One of the most laborious and soul-destroying parts of a gardener’s working week is weeding. Not only do you have to get finger deep into mud and whatever else has been discarded in a flower bed, but you also must contend with more stingers at bended down eye level. However, as there are no overheads involved with weeding or “tidying up” it is also the most time consuming and as a result most profitable.

The only other option to hand weeding is weed killer using a backpack sprayer which is cheaper for the customer but far more dangerous for all. Round Up is the most popular herbicidal weed killer in the world and for decades it has been used by gardeners to destroy bothersome weeds. Roundup is usually used with a carefree abandon being sprayed with a handheld device however its industrial use requires a strict adherence to safety precautions and mixing guidelines. The safety equipment of face mask, suit and rubber gloves makes you feel as if you are handling radioactive material rather than a popular herbicide. A cap full of Round Up is added to around 20 litres of water, mixed together then broadcast upon any visible weeds. Farmers multiply this same concoction 100-fold then spray it across fields using tractors or even planes. Millions of litres are used annually. After use all the equipment must be confined in a steel container which in turn must be locked in a secure premise and any industrial users should possess a recognised certificate for legal use. After the initial dousing a weed- or any other plant-will absorb the Glyphosate through its leaves where it attacks the enzymal structure of the plant, fatally infecting the plants life systems.

Round Up was the ’flagship’ product Monsanto until it was acquired by Bayer in 2018, in turn creating an all-encompassing super agricultural corporation. Their amalgamation is widely appreciated as an effort to avoid the growing number of multimillion negligence lawsuits that have arisen since Roundup’s main ingredient: Isopropylamine salt of Glyphosate, was recognised as the of cause of non-Hodgkin’s lymphoma in everyday users. However just as scientists are beginning to realise – or admit – how harmful this evil syrup is to humans the evidence is also building that Glyphosate is contributing to the dramatic reduction in numbers of airborne pollinators. Simply, the chemical is infecting the insects gut microbes leaving them increasingly susceptible to fatal diseases.

In effect Glyphosate together with other factors such as insecticides and destruction of habitat is decimating the insect numbers across the globe.  The insects which have taken millions of years to perfect evolutionary miracles such as pheromonal communication and pollination, are now threatened with extinction. Monsanto have managed to achieve this feat in a matter of decades.

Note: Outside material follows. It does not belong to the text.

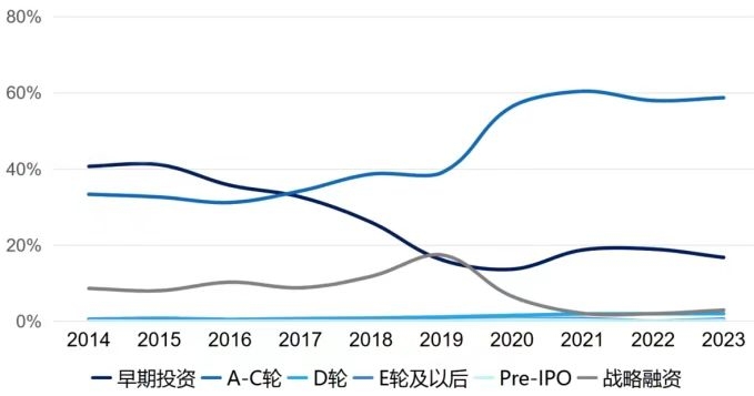 圖4 2014-2023年中國VC/PE市場投資各輪次交易規(guī)模比重變化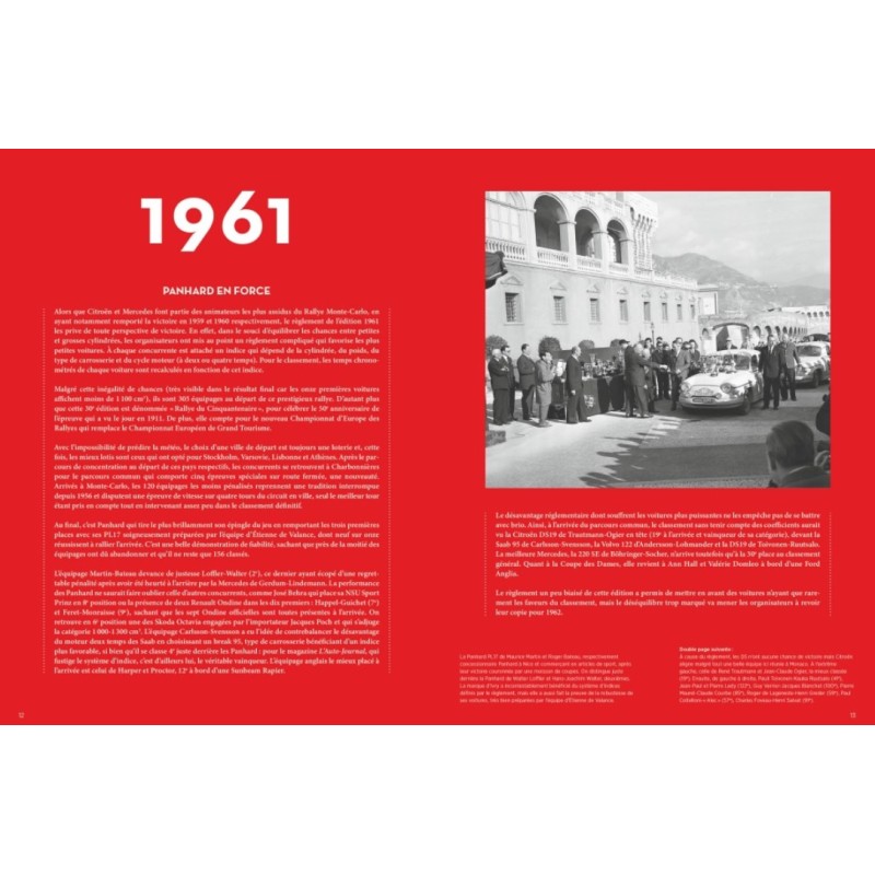 Cet ouvrage, consacré essentiellement à l’âge d’or du Monte-Carlo de 1961 à 1986, dévoile un pan fascinant de l’histoire de ce rallye mythique, sa transformation et de la progression technique des voitures engagées, à travers 250 magnifiques photographies qui témoignent de tous les aléas qu’il fallait maîtriser pour remporter la victoire.

Bayer/Monsanto cannot control natural pollinators, yet, but it increasingly looks like they are decimating their numbers to the brink of extinction or at least until consumers are completely dependent upon their products. Products which in turn are killing their customers through deadly Glyphosate contamination. These dreadful statistics tally with my own amateur observations at work. You tend to notice small things in the garden when you spend half your waking life there. And while I am no expert it doesn’t take a scientist to prognosticate how dreadful the future will be without any pollinating insects.